(Provided material)

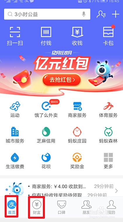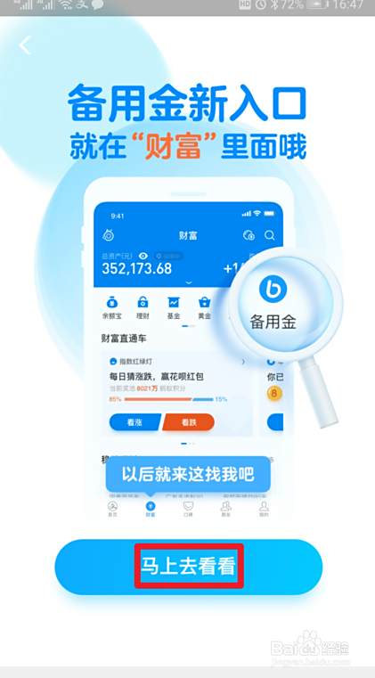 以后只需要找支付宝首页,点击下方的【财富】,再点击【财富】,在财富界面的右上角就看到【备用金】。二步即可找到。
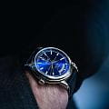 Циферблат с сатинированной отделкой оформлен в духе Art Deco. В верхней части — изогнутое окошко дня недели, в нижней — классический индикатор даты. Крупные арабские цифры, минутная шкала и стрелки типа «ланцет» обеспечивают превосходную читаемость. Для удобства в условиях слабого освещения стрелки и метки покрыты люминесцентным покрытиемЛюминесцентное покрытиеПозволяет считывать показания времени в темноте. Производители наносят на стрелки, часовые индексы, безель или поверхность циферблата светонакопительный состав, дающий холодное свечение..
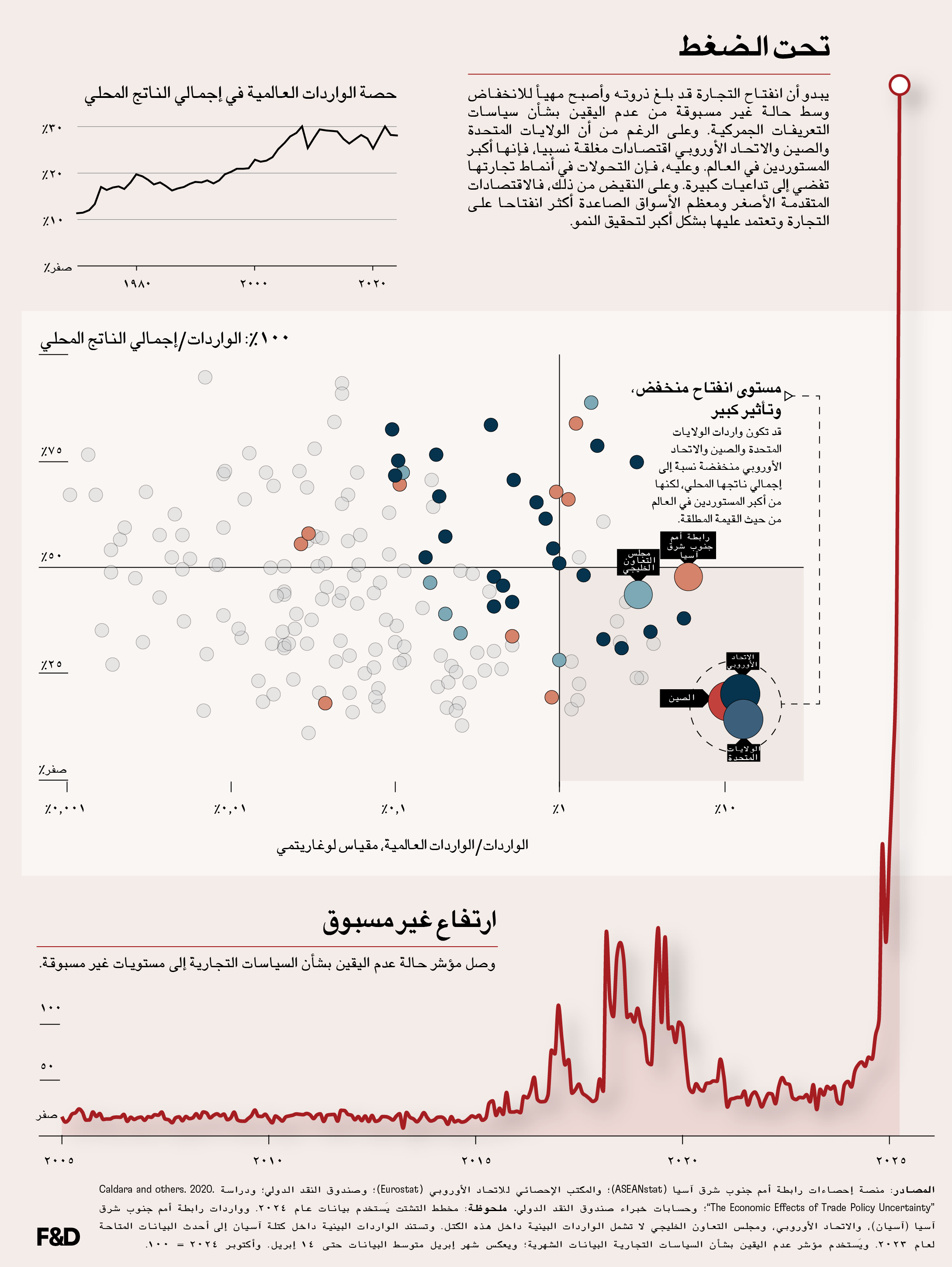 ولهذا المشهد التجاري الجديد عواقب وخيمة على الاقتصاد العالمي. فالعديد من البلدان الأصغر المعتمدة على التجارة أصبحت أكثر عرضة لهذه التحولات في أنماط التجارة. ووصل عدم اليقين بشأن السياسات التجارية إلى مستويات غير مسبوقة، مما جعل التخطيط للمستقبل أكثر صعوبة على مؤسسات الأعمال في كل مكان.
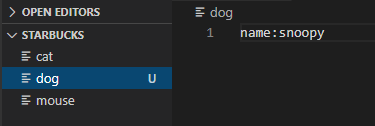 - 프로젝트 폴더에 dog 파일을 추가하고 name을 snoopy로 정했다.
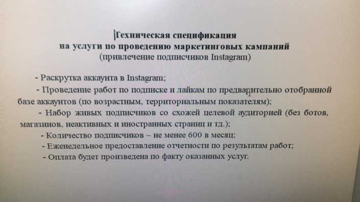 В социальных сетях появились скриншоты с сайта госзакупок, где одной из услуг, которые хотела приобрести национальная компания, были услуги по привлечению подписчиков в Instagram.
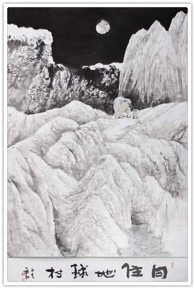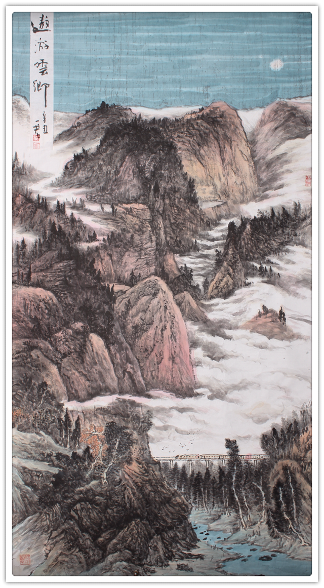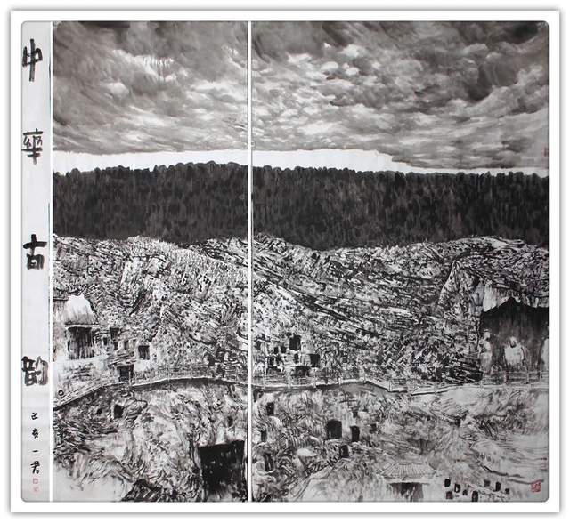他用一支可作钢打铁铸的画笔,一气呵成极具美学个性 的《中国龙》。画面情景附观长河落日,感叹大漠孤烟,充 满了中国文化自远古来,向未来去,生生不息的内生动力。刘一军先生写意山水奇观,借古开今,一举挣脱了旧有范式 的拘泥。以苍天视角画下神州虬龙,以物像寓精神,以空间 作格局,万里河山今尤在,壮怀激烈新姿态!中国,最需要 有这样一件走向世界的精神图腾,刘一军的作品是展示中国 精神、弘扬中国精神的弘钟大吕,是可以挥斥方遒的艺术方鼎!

(End Provided material)

Directions for this task:
Output the entries exactly as they appear, with no pictures included.

Result of this task:
 以后只需要找支付宝首页,点击下方的【财富】,再点击【财富】,在财富界面的右上角就看到【备用金】。二步即可找到。
 Циферблат с сатинированной отделкой оформлен в духе Art Deco. В верхней части — изогнутое окошко дня недели, в нижней — классический индикатор даты. Крупные арабские цифры, минутная шкала и стрелки типа «ланцет» обеспечивают превосходную читаемость. Для удобства в условиях слабого освещения стрелки и метки покрыты люминесцентным покрытиемЛюминесцентное покрытиеПозволяет считывать показания времени в темноте. Производители наносят на стрелки, часовые индексы, безель или поверхность циферблата светонакопительный состав, дающий холодное свечение..
 ولهذا المشهد التجاري الجديد عواقب وخيمة على الاقتصاد العالمي. فالعديد من البلدان الأصغر المعتمدة على التجارة أصبحت أكثر عرضة لهذه التحولات في أنماط التجارة. ووصل عدم اليقين بشأن السياسات التجارية إلى مستويات غير مسبوقة، مما جعل التخطيط للمستقبل أكثر صعوبة على مؤسسات الأعمال في كل مكان.
 - 프로젝트 폴더에 dog 파일을 추가하고 name을 snoopy로 정했다.
 В социальных сетях появились скриншоты с сайта госзакупок, где одной из услуг, которые хотела приобрести национальная компания, были услуги по привлечению подписчиков в Instagram.
他用一支可作钢打铁铸的画笔,一气呵成极具美学个性 的《中国龙》。画面情景附观长河落日,感叹大漠孤烟,充 满了中国文化自远古来,向未来去,生生不息的内生动力。刘一军先生写意山水奇观,借古开今,一举挣脱了旧有范式 的拘泥。以苍天视角画下神州虬龙,以物像寓精神,以空间 作格局,万里河山今尤在,壮怀激烈新姿态!中国,最需要 有这样一件走向世界的精神图腾,刘一军的作品是展示中国 精神、弘扬中国精神的弘钟大吕,是可以挥斥方遒的艺术方鼎!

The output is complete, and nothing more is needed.